## Given information
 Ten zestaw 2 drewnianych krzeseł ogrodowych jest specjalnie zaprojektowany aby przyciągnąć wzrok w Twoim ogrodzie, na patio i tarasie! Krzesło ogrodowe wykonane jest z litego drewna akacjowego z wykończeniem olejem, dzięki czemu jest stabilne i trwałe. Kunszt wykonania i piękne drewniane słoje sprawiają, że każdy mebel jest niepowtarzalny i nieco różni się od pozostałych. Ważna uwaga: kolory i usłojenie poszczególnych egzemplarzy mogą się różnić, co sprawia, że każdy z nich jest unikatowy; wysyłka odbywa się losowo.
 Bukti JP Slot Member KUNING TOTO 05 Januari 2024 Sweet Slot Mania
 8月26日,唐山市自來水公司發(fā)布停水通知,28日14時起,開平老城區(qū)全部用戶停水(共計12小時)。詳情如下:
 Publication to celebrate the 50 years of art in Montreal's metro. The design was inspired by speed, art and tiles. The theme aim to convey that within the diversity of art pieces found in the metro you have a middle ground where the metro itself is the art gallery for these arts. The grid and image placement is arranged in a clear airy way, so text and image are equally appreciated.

--

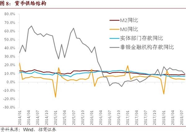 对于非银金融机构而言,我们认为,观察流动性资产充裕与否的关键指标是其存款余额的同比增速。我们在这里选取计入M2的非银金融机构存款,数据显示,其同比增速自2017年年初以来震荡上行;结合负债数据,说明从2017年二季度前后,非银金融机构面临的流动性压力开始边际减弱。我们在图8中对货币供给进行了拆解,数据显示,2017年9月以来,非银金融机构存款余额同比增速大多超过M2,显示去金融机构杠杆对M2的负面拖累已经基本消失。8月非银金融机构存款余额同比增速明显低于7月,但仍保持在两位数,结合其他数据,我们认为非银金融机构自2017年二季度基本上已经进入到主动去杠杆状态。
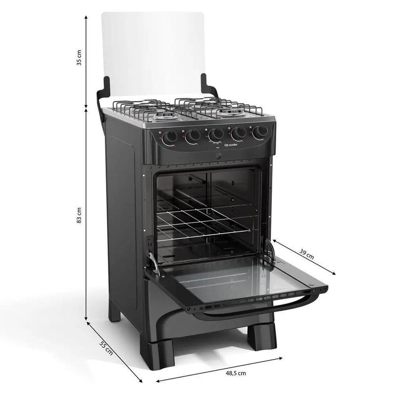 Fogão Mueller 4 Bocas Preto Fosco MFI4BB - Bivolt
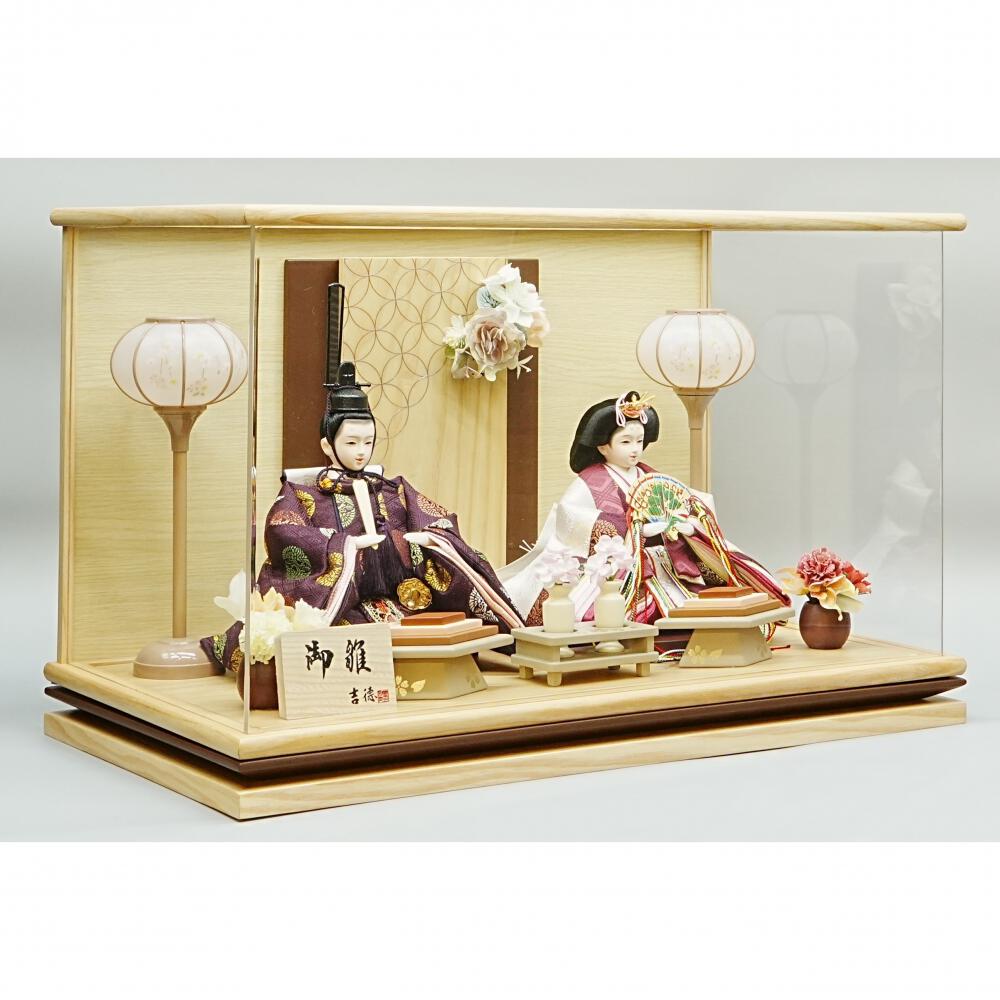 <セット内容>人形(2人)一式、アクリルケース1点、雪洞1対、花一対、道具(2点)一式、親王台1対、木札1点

## What you are asked to do
Transcribe, word for word, the stretch of lines in the data above from the one with "对于非银金融机构而言,我们认" through the one with "<セット内容>人形(2人)一"; omit all pictures.

## Output of the exercise
 对于非银金融机构而言,我们认为,观察流动性资产充裕与否的关键指标是其存款余额的同比增速。我们在这里选取计入M2的非银金融机构存款,数据显示,其同比增速自2017年年初以来震荡上行;结合负债数据,说明从2017年二季度前后,非银金融机构面临的流动性压力开始边际减弱。我们在图8中对货币供给进行了拆解,数据显示,2017年9月以来,非银金融机构存款余额同比增速大多超过M2,显示去金融机构杠杆对M2的负面拖累已经基本消失。8月非银金融机构存款余额同比增速明显低于7月,但仍保持在两位数,结合其他数据,我们认为非银金融机构自2017年二季度基本上已经进入到主动去杠杆状态。
 Fogão Mueller 4 Bocas Preto Fosco MFI4BB - Bivolt
 <セット内容>人形(2人)一式、アクリルケース1点、雪洞1対、花一対、道具(2点)一式、親王台1対、木札1点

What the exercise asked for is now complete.